*** The data Section Begins ***

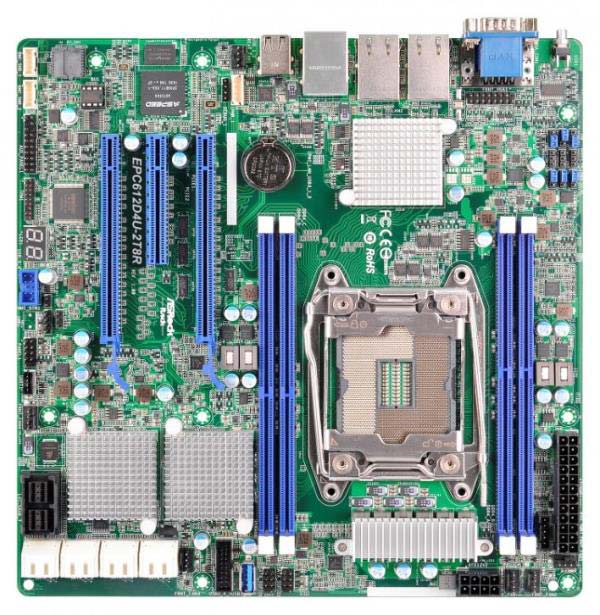 Новинка именуется EPC612D4U-2T8R, её форм-фактор - microATX, количество сокетов LGA 2011-3 равно одному, совместим аппарат с процессорами Intel Xeon E5 v3. На плате можно найти четыре слота для памяти DDR4 (2133 или 1866МГц, ECC DIMM, R DIMM или LR DIMM), шесть портов SATA 6Гб/с с поддержкой RAID 0, 1, 5, 10, а также два SATA 6Гб/с с поддержкой RAID 0 и 1.
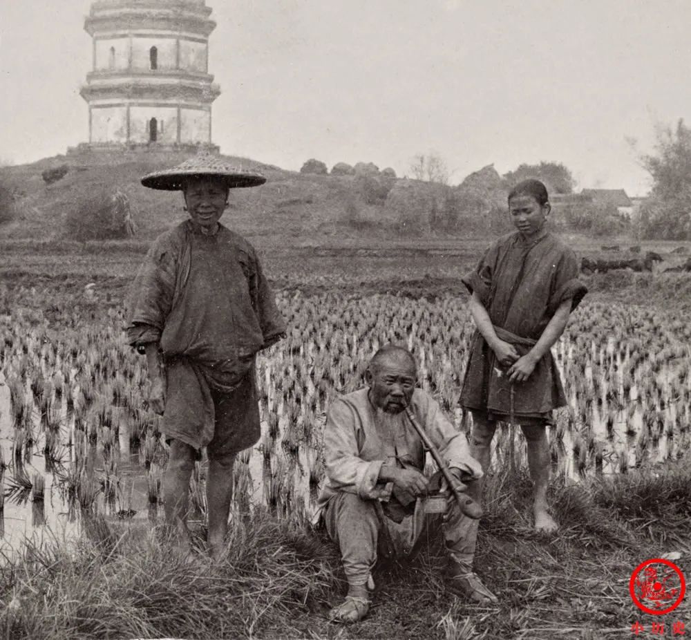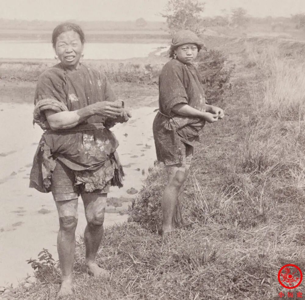 她们刚刚在稻田里干完农活,身上沾满淤泥。北方妇女大多裹小脚,很难像她们一样在农田劳作。
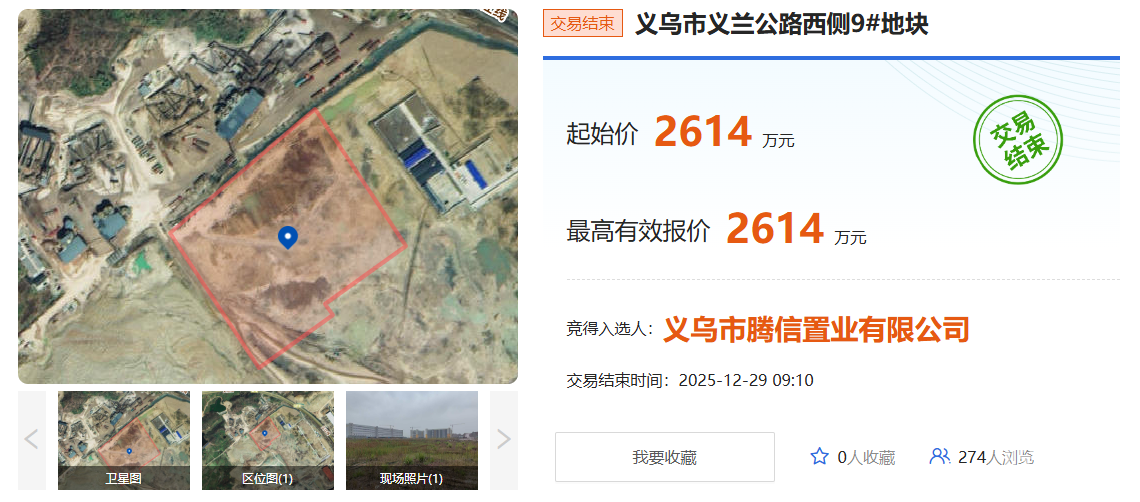 义乌市义兰公路西侧9# 地块 义乌市腾信置业有限公司以底价2614万元竞得该地块。 地块出让面积33333.33㎡(50亩),起始价2614万元,竞买保证金2614万元。 土地用途物流仓储用地,容积率3.0-4.0,建筑密度40%-60%,建筑高度≤50米,出让年期50年。 义乌市义兰公路西侧10# 地块 义乌市茗锦供应链管理有限公司以底价2614万元竞得该地块。 地块出让面积33333.34㎡(50亩),起始价2614万元,竞买保证金2614万元。 土地用途物流仓储用地,容积率3.0-4.0,建筑密度40%-60%,建筑高度≤50米,出让年期50年。 根据规划条件,地块内行政办公、生活服务设施等非生产性用房建筑占地不得超过地块总用地面积的7%,建筑面积不得超过地块总建筑面积的15%。禁止建造成套职工住宅、专家楼、宾馆和招待所等设施。 允许开发使用范围内的地下空间主体结构竖向利用深度为-8米以上。地下室仅用于人防、消防、停车、储藏等基础配套设施,严禁改变用途。 整理:义乌房子网
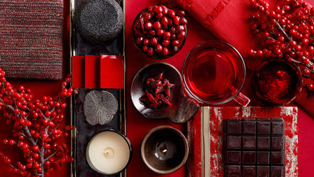 A stunning flat lay showcasing a blend of textiles, wooden bowls, and decorative elements arranged on a vibrant red and neutral background, emphasizing texture and color.
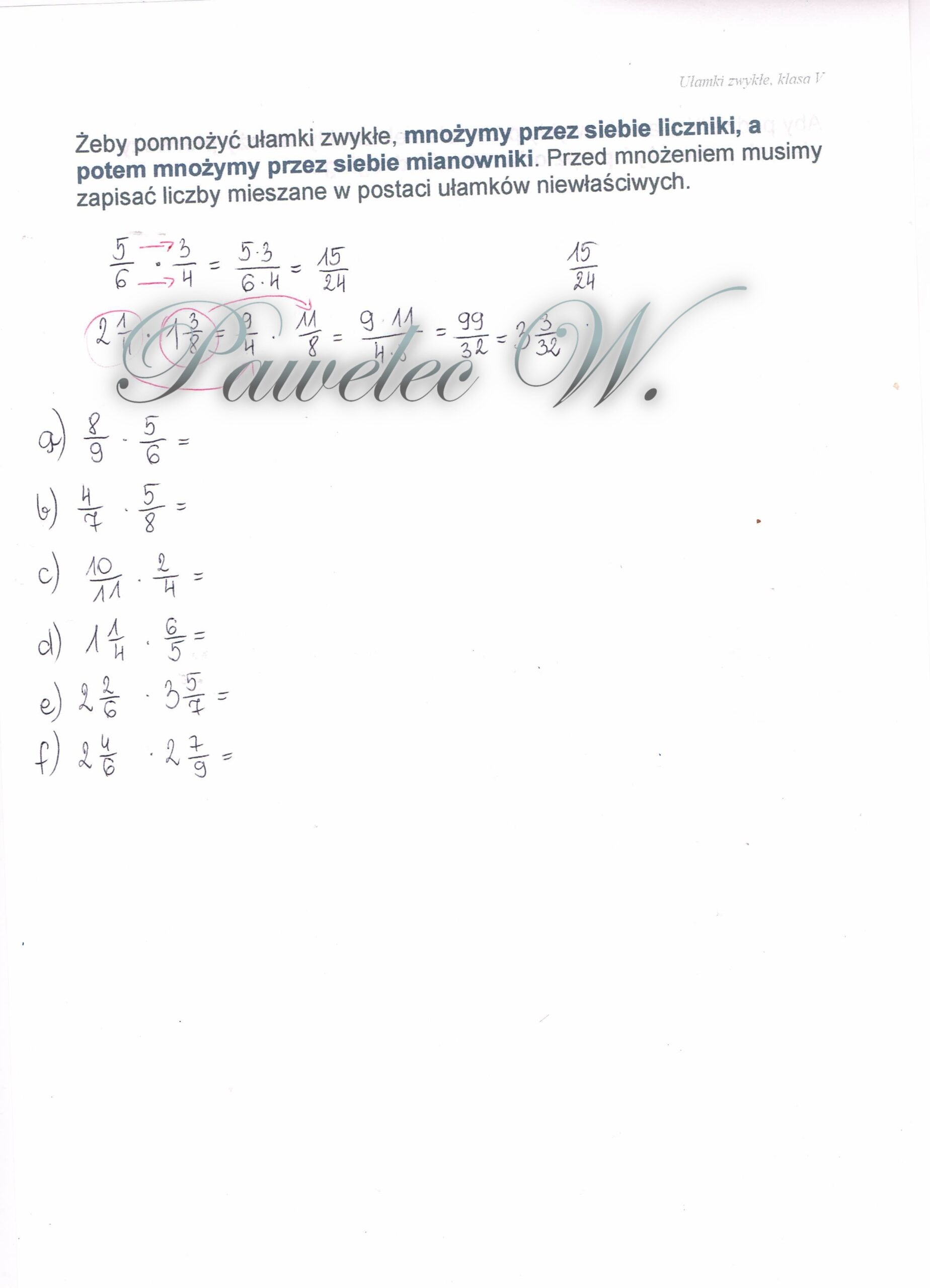 Karta pracy, która w szybki sposób pomoże zrozumieć i przećwiczyć mnożenie ułamków zwykłych.

*** The data Section Ends ***

* [Task item]: Start at the first line of the records and write out everything up to and including the line containing "她们刚刚在稻田里干完农活,身". No pictures.

* [Your response]:
 Новинка именуется EPC612D4U-2T8R, её форм-фактор - microATX, количество сокетов LGA 2011-3 равно одному, совместим аппарат с процессорами Intel Xeon E5 v3. На плате можно найти четыре слота для памяти DDR4 (2133 или 1866МГц, ECC DIMM, R DIMM или LR DIMM), шесть портов SATA 6Гб/с с поддержкой RAID 0, 1, 5, 10, а также два SATA 6Гб/с с поддержкой RAID 0 и 1.
 她们刚刚在稻田里干完农活,身上沾满淤泥。北方妇女大多裹小脚,很难像她们一样在农田劳作。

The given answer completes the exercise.